Veronica Spano – Designerin, Aktivistin und Kulturproduzentin

Susanne Barta

Sie hat in Bozen an der Fakultät für Design und Künste studiert, sich an der Copenhagen Business School in Fashion Entrepreneurship vertieft, einen Master für Innovation in Bologna gemacht und am Central St. Martins in London einen Kurs zu Fashion Manufactoring absolviert. Aktuell arbeitet Veronica als Chief Commercial Officer bei SOFFA, der Social Fashion Factory in Athen, die Fiori Zafeiropoulou in den letzten Jahren aufgebaut hat. Veronica hat sich dort aufgrund des Interviews, das ich mit Fiori vor einem Jahre geführt habe, bei SOFFA beworben. Das hat mich sehr gefreut! Veronica ist nicht nur top ausgebildet, sondern auch sehr engagiert: In ihrem persönlichen Projekt „Fashion Guerilla“ zum Beispiel setzt sie sich mit sozialen und umweltbezogenen Aspekten der Modeindustrie mit den Mitteln der Performance auseinander.

2 Veronica @ work © Veronica Spano

Veronica, du hast in Bozen an der Fakultät für Design und Künste studiert. Welchen Zugang hast du zu Design?

Il mio approccio al design si è evoluto nel tempo. Sono passata dal considerarlo una pratica industriale, strettamente divisa dall’arte, a constatare l’efficacia del ‘design thinking’ in progetti altamente sperimentali nel sociale e nell’ambiente urbano. Paradossalmente, è da quando ho approcciato le scienze economiche per l’ambiente e la cultura, che ho capito il vero significato di Design, o meglio Progettazione/Gestaltung, e di quanto siano stati preziosi i miei studi a Bolzano. Il critico d’arte Giulio Carlo Argan ha descritto il mio approccio nella maniera più efficace, affermando l’imperativo: “Progettare per non essere progettati”. Questo è per me il design: un insieme di pratiche artistiche, progettuali e di management, che siano capaci di fondare il pensiero e l’azione concreta in tutti gli ambiti d’intervento della società e dell’ambiente – con l’obiettivo che un oggetto, un servizio, un’immagine e un’impresa, siano pensati per contribuire a un sistema economico, sociale e politico chiamato a dare forma a un futuro veramente condivisibile. In questo senso, il design è necessariamente Design Futuring (Tony Fry, 2009), la progettazione olistica, informata e creativa di un futuro sostenibile.
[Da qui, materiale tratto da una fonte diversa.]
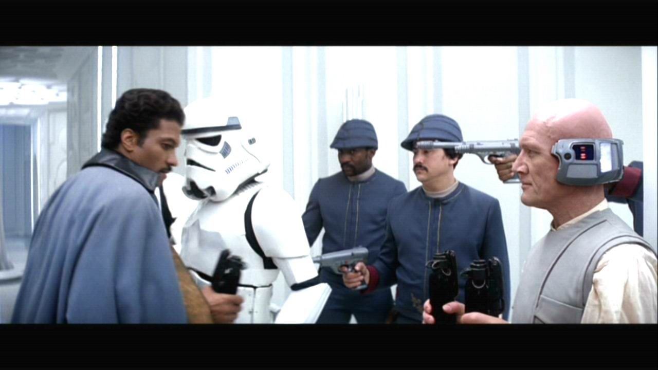 A Bespin Guard uniform from Irvin Kershner’s Star Wars: The Empire Strikes Back. The Bespin guards appeared on Cloud City and were administered by Lando Calrissian (Billy Dee Williams), under the control of his cyborg aide Lobot (John Hollis).

Wann ist dann die Beschäftigung mit nachhaltigen Praktiken in der Mode dazu gekommen?

È stata prima di tutto “Fashion Guerrilla”, la tesi svolta presso l’unibz, a insegnarmi le grandi potenzialità della moda in termini di emancipazione dell’individuo. È nata un po’ per gioco, ed è diventata una performance urbana che denuncia i conflitti tra cittadini e multinazionali attraverso i vestiti. Un mix di tessuti tradizionali e corporate identities delle multinazionali componevano degli outfits, o meglio ‘discussion pieces’, da indossare per provocare uno spazio di discussione sui diritti umani e dell’ambiente. Alla Copenaghen Business School mi sono poi immersa in corsi d’imprenditoria nella moda e nella sostenibilità e in analisi sulle filiere globali di cotone, filati, bamboo, caffè, ed ho capito che il design e la scelta dei materiali influenzano più di quanto crediamo i flussi economici e le scelte politiche mondiali. Da lì, mi sono sempre più interessata allo studio delle filiere della moda italiana, della crisi della moda globale, delle nuove tecnologie e scoperte scientifiche disponibili e dell’economia circolare. Ho quindi lavorato in start-ups e aziende che si occupavano di questo.3+4 Veronica @ work © Veronica Spano

Italien ist ein erfolgreiches Mode-Land, hinter den Kulissen der Modeindustrie aber spielen sich viele sehr unschöne Dinge ab. Du arbeitest gerade an einer umfassenden Recherche über Mode „Made in Italy“ und sagst, sie habe das Potential, die nachhaltigste und verantwortungsbewussteste der Welt zu werden. Was müsste sich dazu verändern?

La mia tesi magistrale “Chi sa fare, fa. Made in Italy Manifesto – Proving it is needed and possible to rethink the Italian business model and start a value-driven fashion business”, dimostra l’incredibile potenziale che risiede nelle tradizioni, nell’inventiva e nella conformazione del territorio italiano. Per produrre moda Made in Italy a un prezzo accessibile bisognerebbe sostituire l’economia di scala delle multinazionali (che hanno dislocato le proprie produzioni, non pagano le tasse in Italia e non contribuiscono a restituire valore al territorio), con l’economia di scala dei distretti industriali italiani e delle loro PMI e laboratori artigianali, organizzando il territorio in modo che le aziende coprano insieme la domanda interna ed esterna, e che si organizzino attorno ai principi dell’economia circolare: rigenerare, condividere, ottimizzare, creare il loop. Lo stato, poi, dovrebbe ricoprire un ruolo fondamentale: occorrono informazione e leggi a discapito di tutti quei prodotti che non prevedono di essere riciclati e rigenerati. Per quanto riguarda le materie prime, i filati, lo stato dovrebbe invece investire in macchinari e aziende capaci di chiudere i buchi mancanti delle filiere.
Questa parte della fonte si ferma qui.